Mostré mi disconformidad con el comentario de Valentina dedicándole una mirada fulminante.

– ¿Y cómo se percató usted de que Rico había maquinado este descabellado plan y se había hecho con las cartas?

– La suerte jugó a nuestro favor. Si Clara no se hubiese dejado el teléfono móvil en el despacho que utilizaba su padre, nadie habría entrado en él hasta la mañana siguiente para descubrir la ventana forzada y los muebles rotos. Con la llegada de la policía, Rico no tuvo tiempo material para salir de aquí con los sobres, por lo que decidió esconderlos en el sótano, un lugar poco frecuentado, hasta que los agentes se hubiesen marchado.

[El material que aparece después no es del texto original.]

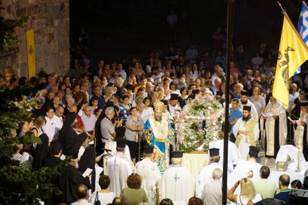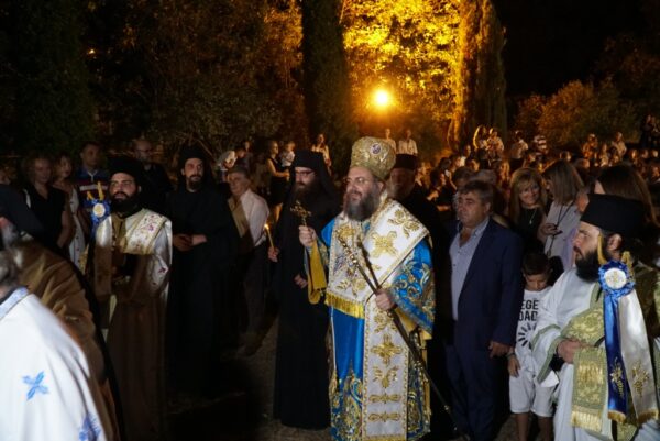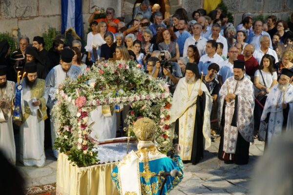 Μετά το πέρας του Εσπερινού ο Ποιμενάρχης ηγήθηκε της λιτανεύσεως του Επιταφίου του Θεομητορικού σώματος πέριξ του Ιερού Ναού και εν συνεχεία εψάλλησαν τα Εγκώμια της Θεοτόκου.
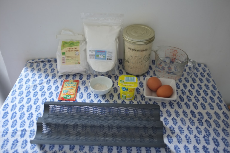 Les ingrédients pour la recette sans gluten de baguette de pain

No contaba con que, siguiendo su consejo, Clara contratase mis servicios.

– Entiendo… – asintió el letrado.

– Pero lo realmente concluyente fueron las marcas de sus zapatos. Calzar un cuarenta ocho no es nada habitual, por lo que, debido a su estatura, comencé a sospechar inmediatamente de Rico. Además, el hecho de encontrar marcas de ese calzado en el parterre del jardín y en el quicio de la ventana forzada del despacho y, de igual modo, hallar las mismas marcas en la entrada de la vivienda y el recibidor, me hicieron pensar que se trataba de la misma persona: alguien que tenía libre acceso a la casa. Si el jardinero no hubiese abonado el jardín, hubiese sido extremadamente complicado llegar a esta conclusión.

Rico maldijo en voz baja.

– Controlamos sus movimientos hasta que nos llevó al sótano. Le pillamos in fraganti, con los sobres en sus manos. Fue entonces cuando arremetió contra nosotros; Afortunadamente, Valentina consiguió zancadillearle. El resto de la historia ya la conocen ustedes – concluí.

Clara Morán avanzó hasta quedar frente a Rico.

– Después de todos estos años… – se quejó -. ¿Por qué lo has hecho?

El inspector Martín entró en escena indicando a Rico que se levantara.

– Entender los motivos por lo que se hacen cosas así es una tarea complicada – aseguró el policía tomando del brazo al hombretón y comunicándole que estaba detenido.

Permanecí junto a Valentina mientras los demás abandonaban la biblioteca.

– ¿Qué será de él? – me preguntó Valentina cuando quedamos a solas.

– No lo sé. Ni me importa – confesé mientras comenzaba a caminar hacia la salida.

– ¿Sabes? Tu trabajo no está tan mal. Y, además, necesitas un ayudante. ¿Qué tengo que hacer para ser detective privado?

– ¡Ni lo sueñes! ¿No quedamos en que querías ser enfermera? – rezongué.

– ¡Eso fue antes de ayer! ¡Pueden pasar muchas cosas en cuarenta y ocho horas!